1. Divide the entire equation by $a$ (if $a \neq 1$).
2. Move the constant term to the right side of the equation.
3. Take half of the coefficient of the $x$ term, square it, and add it to both sides of the equation.
4. Factorise the left side as a perfect square.
5. Take the square root of both sides.
6. Solve for $x$.

1.3 Quadratic Formula

The quadratic formula provides a direct method for finding the solutions of any quadratic equation. The formula is:

$$x = \frac{-b \pm \sqrt{b^2 - 4ac}}{2a}$$

The discriminant, $b^2 - 4ac$, determines the nature of the roots.

2. Nature of Roots

The discriminant, $b^2 - 4ac$, determines the nature of the roots of a quadratic equation:

Discriminant	Nature of Roots
$b^2 - 4ac > 0$	Two distinct real roots
$b^2 - 4ac = 0$	One real root (repeated)
$b^2 - 4ac < 0$	Two complex conjugate roots

3. Quadratic Inequalities

Quadratic inequalities are inequalities involving quadratic expressions. To solve a quadratic inequality, we first find the roots of the corresponding quadratic equation ($ax^2 + bx + c = 0$). These roots divide the number line into intervals.

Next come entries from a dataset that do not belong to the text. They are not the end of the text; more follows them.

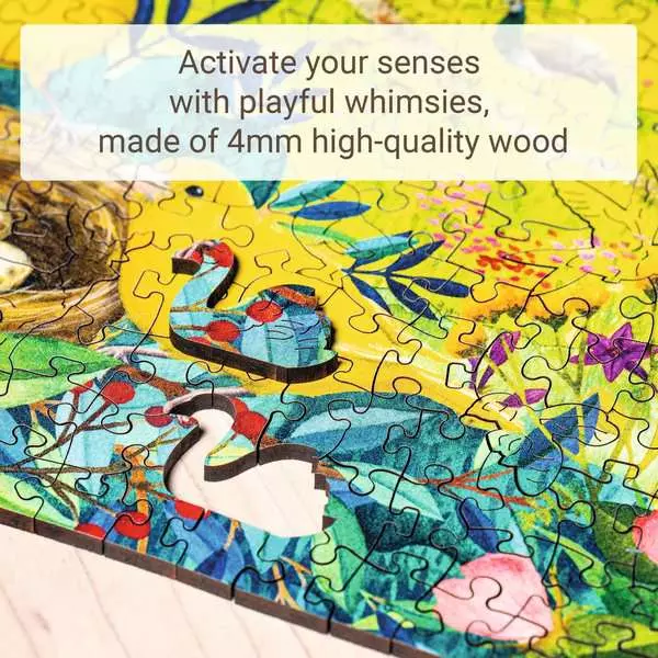 Made by expert designers, 40 of our wooden jigsaw pieces come in unique and delightful shapes like birds, bunnies, bugs and more! The interlocking pieces feel smooth to the touch and are made of premium wood with a natural, outdoorsy scent. The image is printed directly on the wooden material (not on paper) so there’s no chance of it peeling or colors fading over time. The sturdy pieces are just over 1/8 inch (4mm) thick to ensure lots of long-lasting fun as you make this delightful puzzle over and over again!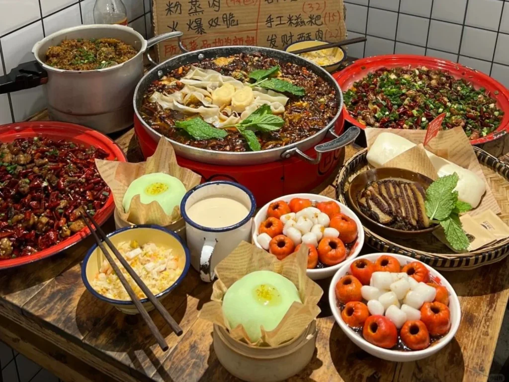 Try spicy hotpot, skewers, and street snacks in Chengdu and Chongqing. Experience “fly restaurants” — small local diners full of authentic charm.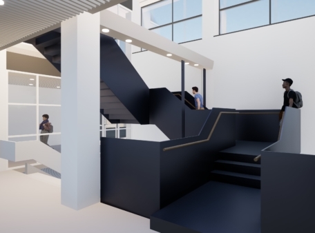 Er wordt een nieuwe trap gerealiseerd tussen de eerste en tweede verdieping. Die maakt het studiegebied op de tweede verdieping beter bereikbaar en zorgt minder drukte in de liften.

We then test a value from each interval to determine whether the quadratic expression is positive or negative in that interval.

For example, consider the inequality $x^2 - 5x + 6 > 0$. The roots of the equation $x^2 - 5x + 6 = 0$ are $x = 2$ and $x = 3$. We test the intervals $(-\infty, 2)$, $(2, 3)$, and $(3, \infty)$.

• Interval $(-\infty, 2)$: Let $x = 0$. Then $0^2 - 5(0) + 6 = 6 > 0$. So, the inequality holds for this interval.
• Interval $(2, 3)$: Let $x = 2.5$. Then $(2.5)^2 - 5(2.5) + 6 = 6.25 - 12.5 + 6 = -0.25 < 0$. So, the inequality does not hold for this interval.
• Interval $(3, \infty)$: Let $x = 4$. Then $4^2 - 5(4) + 6 = 16 - 20 + 6 = 2 > 0$. So, the inequality holds for this interval.

Therefore, the solution to the inequality $x^2 - 5x + 6 > 0$ is $x < 2$ or $x > 3$. In interval notation, this is $(-\infty, 2) \cup (3, \infty)$.